* [Task goal]:
Retype the lines of the listing below exactly, but only those from the one containing "This paper investigates" through the last line; pictures stay out.

* [Data for processing]:
________________________________________
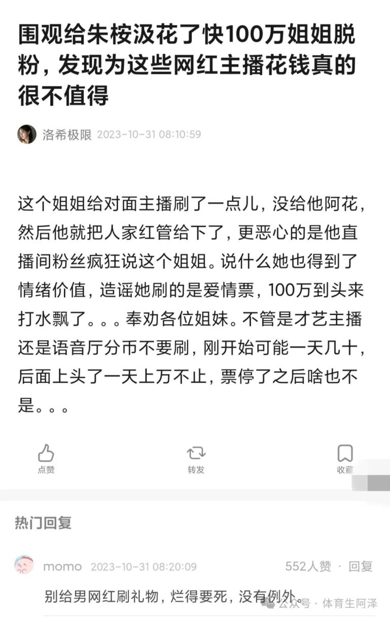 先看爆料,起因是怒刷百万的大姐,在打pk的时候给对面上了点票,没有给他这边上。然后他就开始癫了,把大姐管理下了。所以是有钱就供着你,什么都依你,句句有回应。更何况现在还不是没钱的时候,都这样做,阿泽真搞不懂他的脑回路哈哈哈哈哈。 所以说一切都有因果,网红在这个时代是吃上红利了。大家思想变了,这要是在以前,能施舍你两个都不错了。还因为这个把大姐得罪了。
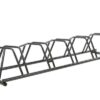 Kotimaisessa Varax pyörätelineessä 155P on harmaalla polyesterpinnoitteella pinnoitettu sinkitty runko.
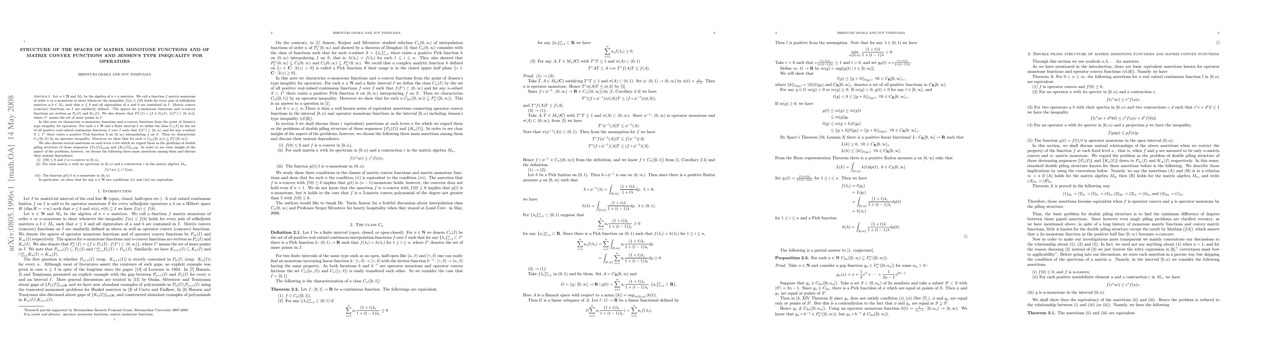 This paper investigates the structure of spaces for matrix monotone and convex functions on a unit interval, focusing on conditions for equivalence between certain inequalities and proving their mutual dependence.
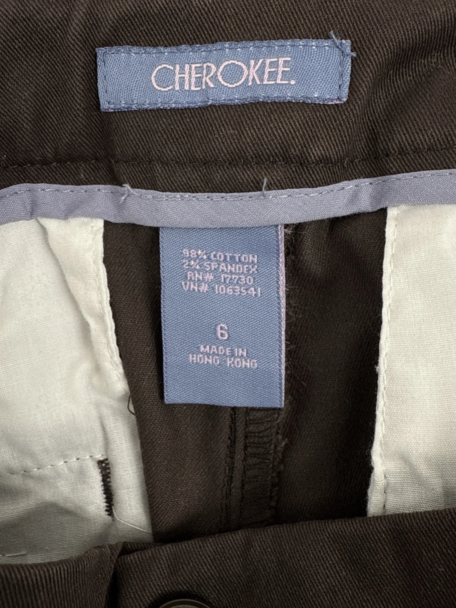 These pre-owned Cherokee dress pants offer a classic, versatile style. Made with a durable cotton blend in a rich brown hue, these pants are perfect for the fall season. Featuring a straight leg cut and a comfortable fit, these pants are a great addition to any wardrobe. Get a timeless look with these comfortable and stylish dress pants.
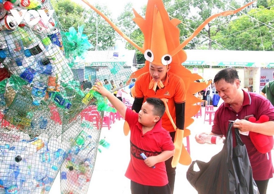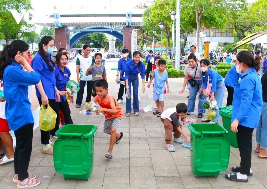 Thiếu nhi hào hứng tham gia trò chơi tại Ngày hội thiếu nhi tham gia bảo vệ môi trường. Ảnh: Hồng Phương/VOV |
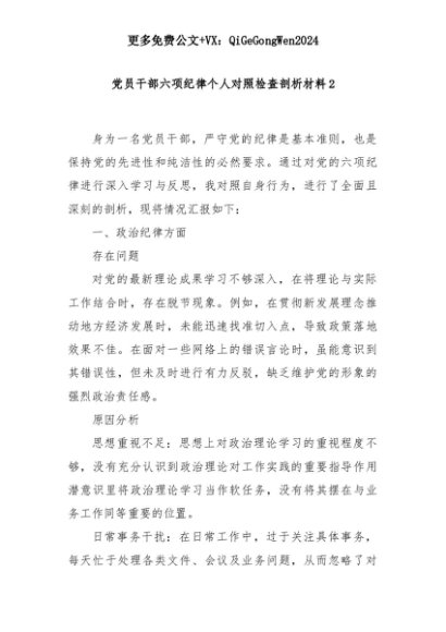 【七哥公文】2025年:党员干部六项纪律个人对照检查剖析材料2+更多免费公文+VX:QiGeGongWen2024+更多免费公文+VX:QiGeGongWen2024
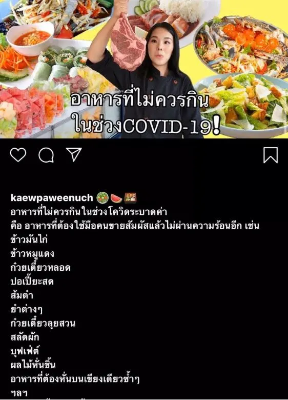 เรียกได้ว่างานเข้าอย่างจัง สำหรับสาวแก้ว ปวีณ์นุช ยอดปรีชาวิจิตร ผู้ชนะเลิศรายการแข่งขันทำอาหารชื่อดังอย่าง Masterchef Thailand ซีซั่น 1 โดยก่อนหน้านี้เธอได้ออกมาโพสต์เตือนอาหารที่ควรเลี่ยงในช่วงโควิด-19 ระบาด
________________________________________
* [Exercise output]:
 This paper investigates the structure of spaces for matrix monotone and convex functions on a unit interval, focusing on conditions for equivalence between certain inequalities and proving their mutual dependence.
 These pre-owned Cherokee dress pants offer a classic, versatile style. Made with a durable cotton blend in a rich brown hue, these pants are perfect for the fall season. Featuring a straight leg cut and a comfortable fit, these pants are a great addition to any wardrobe. Get a timeless look with these comfortable and stylish dress pants.
 Thiếu nhi hào hứng tham gia trò chơi tại Ngày hội thiếu nhi tham gia bảo vệ môi trường. Ảnh: Hồng Phương/VOV |
 【七哥公文】2025年:党员干部六项纪律个人对照检查剖析材料2+更多免费公文+VX:QiGeGongWen2024+更多免费公文+VX:QiGeGongWen2024
 เรียกได้ว่างานเข้าอย่างจัง สำหรับสาวแก้ว ปวีณ์นุช ยอดปรีชาวิจิตร ผู้ชนะเลิศรายการแข่งขันทำอาหารชื่อดังอย่าง Masterchef Thailand ซีซั่น 1 โดยก่อนหน้านี้เธอได้ออกมาโพสต์เตือนอาหารที่ควรเลี่ยงในช่วงโควิด-19 ระบาด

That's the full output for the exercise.